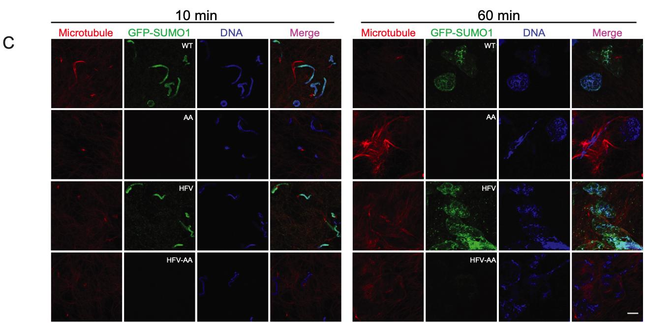 C, SUMO1 could be conjugated to sperm chromatin. Sperm chromatin isolated from male Xenopus was incubated with interphase Xenopus egg extracts and purified His-GFP-tagged SUMO1 mutant proteins. A strong GFP signal appeared on the chromatin in Xenopus egg extracts in less than 10 min and persisted even after the nuclear formation in WT and HFV groups. No GFP signal was observed on sperm chromatin with the AA or HFV-AA SUMO mutants. Microtubule structures formed by rhodamine-labeled tubulin indicate the cell cycle stage of Xenopus egg extracts. DAPI was used for DNA staining. Scale bar equals 10um
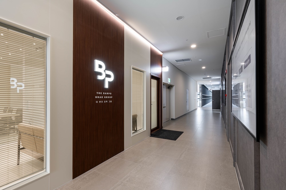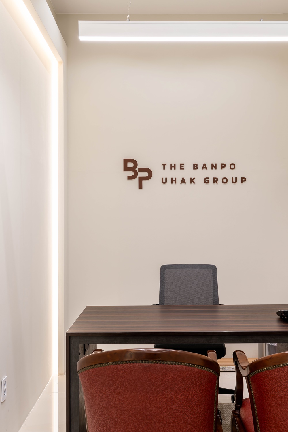묵직한 딥우드 톤의 아트월 위에 화이트로 발광하는 'BP' 심볼 로고는 마치 명품관에 들어서는 듯한 압도적인 첫인상을 선사하는데요.
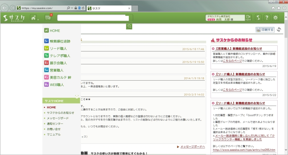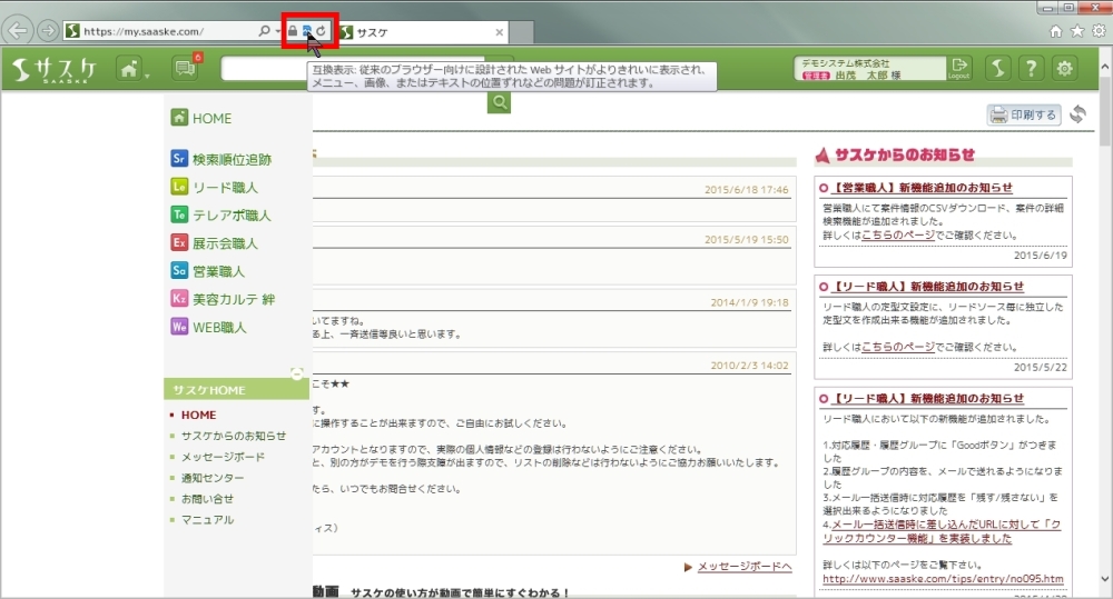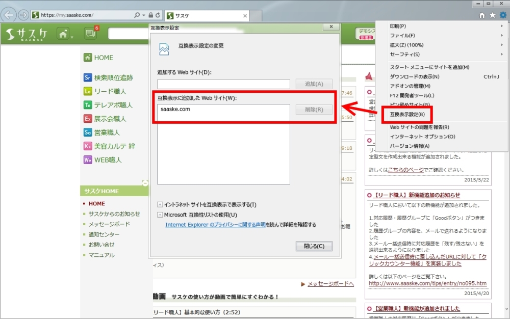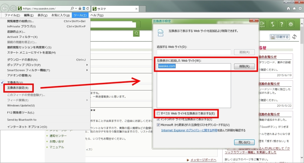 このメニュー内に「ツール」があり、ここから「互換表示設定」を選択してください。開いたウィンドウに「互換表示に追加したWebサイト」に "saaske.com" がある場合は削除をします。また下部の「すべてのWebサイトを互換表示で表示する」にチェックがある場合はチェックを外して下さい。
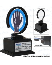 RECONOCIMIENTO TROFEO ACRÍLICO. CORTE CALADO SEGÚN DISEÑO, LÁMINA GRAVOPLAY DOS CARAS UNA CARA GRABADA PERSONALIZADA, LOGOTIPO SÓLIDO SI EL DISEÑO LO PERMITE COMBINADO CON BASE SEGUN CATEGORIA SELECCIONADA, INCLUYE PLACA DE ALUMINIO FOTOGRABADO NEGRO CON LAMINA DE RESPALDO.
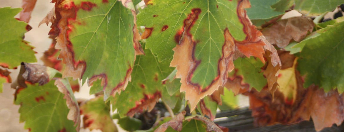 Although things are busy this time of the year with harvest, it is also a good time to keep an eye out for Pierce's disease. Symptoms are strongest this time of year. Try to scout the vineyard as time allows and flag suspected diseased vines for later removal.
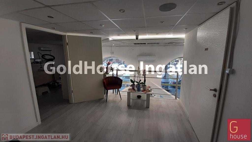 Teréz körúti nagy portálos, 140 nm-es, kétszintes, felújított, teraszozható üzlethelyiség kiadó
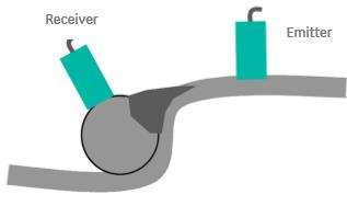 焊接工件的幾何形狀變化排除了使用脈沖回波法的可能,然而穿透法對(duì)于拉手連接金屬薄板幾何形狀的變化可以提供一個(gè)很好的解決方案。出于此類(lèi)檢測(cè)的目的,發(fā)射探頭通過(guò)磁性固定在工件表面發(fā)射導(dǎo)波,手動(dòng)操作,接受探頭接受反射回來(lái)穿過(guò)焊接接頭的回波。

········

What you print must match the entries exactly, except that no pictures appear.

 C, SUMO1 could be conjugated to sperm chromatin. Sperm chromatin isolated from male Xenopus was incubated with interphase Xenopus egg extracts and purified His-GFP-tagged SUMO1 mutant proteins. A strong GFP signal appeared on the chromatin in Xenopus egg extracts in less than 10 min and persisted even after the nuclear formation in WT and HFV groups. No GFP signal was observed on sperm chromatin with the AA or HFV-AA SUMO mutants. Microtubule structures formed by rhodamine-labeled tubulin indicate the cell cycle stage of Xenopus egg extracts. DAPI was used for DNA staining. Scale bar equals 10um
묵직한 딥우드 톤의 아트월 위에 화이트로 발광하는 'BP' 심볼 로고는 마치 명품관에 들어서는 듯한 압도적인 첫인상을 선사하는데요.
 このメニュー内に「ツール」があり、ここから「互換表示設定」を選択してください。開いたウィンドウに「互換表示に追加したWebサイト」に "saaske.com" がある場合は削除をします。また下部の「すべてのWebサイトを互換表示で表示する」にチェックがある場合はチェックを外して下さい。
 RECONOCIMIENTO TROFEO ACRÍLICO. CORTE CALADO SEGÚN DISEÑO, LÁMINA GRAVOPLAY DOS CARAS UNA CARA GRABADA PERSONALIZADA, LOGOTIPO SÓLIDO SI EL DISEÑO LO PERMITE COMBINADO CON BASE SEGUN CATEGORIA SELECCIONADA, INCLUYE PLACA DE ALUMINIO FOTOGRABADO NEGRO CON LAMINA DE RESPALDO.
 Although things are busy this time of the year with harvest, it is also a good time to keep an eye out for Pierce's disease. Symptoms are strongest this time of year. Try to scout the vineyard as time allows and flag suspected diseased vines for later removal.
 Teréz körúti nagy portálos, 140 nm-es, kétszintes, felújított, teraszozható üzlethelyiség kiadó
 焊接工件的幾何形狀變化排除了使用脈沖回波法的可能,然而穿透法對(duì)于拉手連接金屬薄板幾何形狀的變化可以提供一個(gè)很好的解決方案。出于此類(lèi)檢測(cè)的目的,發(fā)射探頭通過(guò)磁性固定在工件表面發(fā)射導(dǎo)波,手動(dòng)操作,接受探頭接受反射回來(lái)穿過(guò)焊接接頭的回波。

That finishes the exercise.